By way of comparison, Purple Beverage had $258 thousand in sales. Thousand, not million. Their market cap, which I assume doesn’t count some of those warrants that haven’t been exercised yet, and might not include options, either, is $167 million, according to Yahoo Finance numbers. If I’m doing my math right, the current price is about 650X sales.
If I were dedicated to figuring out which of these companies was going to win (and I don’t know why I’d waste my time — there are lots of investments out there that would take far less work), I’d figure it out using something other than the “analysis” of a paid shill.
And here’s my disclaimer: Purple beverage might possibly (though it’s unlikely) end up advertising on this site if they happen to do so through one of the networks I participate in, but they have unfortunately not paid me $200,000 in stock to write about their company.

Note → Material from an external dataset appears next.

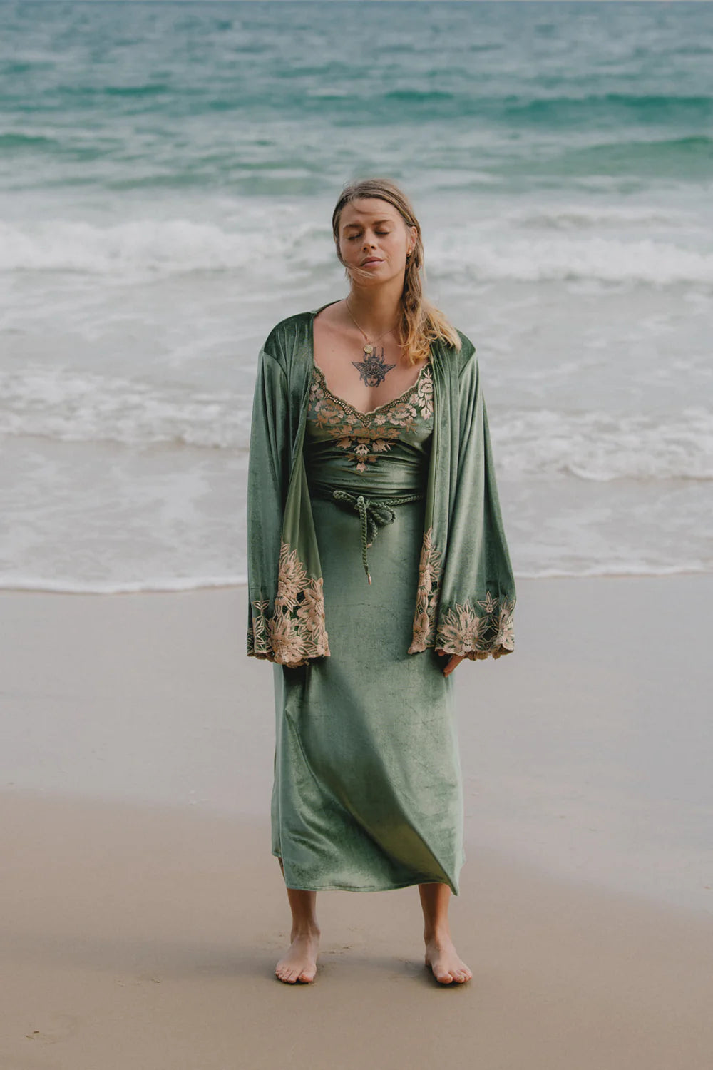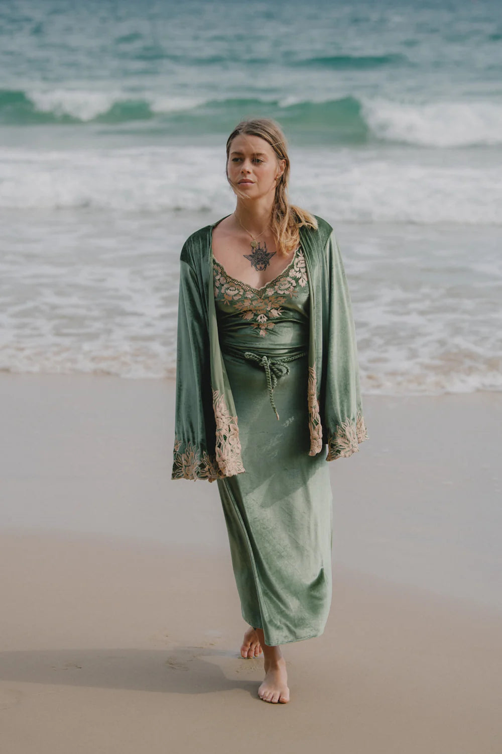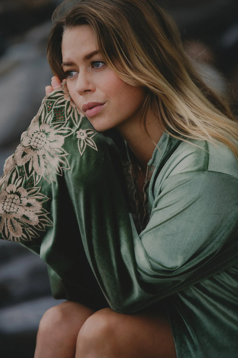 Inspired by the iconic, free-spirited style of Jimi Hendrix, our newest cropped kimono-style jacket in the lush Moss hue is a true statement piece designed to be treasured. Crafted from luxurious silk velvet, it drapes effortlessly with soft bell sleeves, intricate contrast embroidery on the cuffs, and delicate detailing along the front hem.

Don’t worry, in the very unlikely event that they did offer that and I accepted, I would have told you — and up front, not in the fine print.
I’ll leave you with this excerpt from the “ongoing concern” section of their last quarterly filing:
“The ability of the Company to continue as a going concern is dependent upon increasing sales and obtaining additional capital and financing. During the fiscal year ended September 30, 2007, the Company borrowed $750,000 for working capital purposes and sold common shares for net proceeds of $350,000. During the three months ended December 31, 2007, the Company sold common shares for net proceeds of $3,375,550. Management intends to attempt to raise additional funds by way of a public or private offering. While the Company believes in the viability of its strategy to increase sales volume and in its ability to raise additional funds, there can be no assurances to that effect. The Company’s limited financial resources have prevented the Company from aggressively advertising its products and services to achieve consumer recognition.”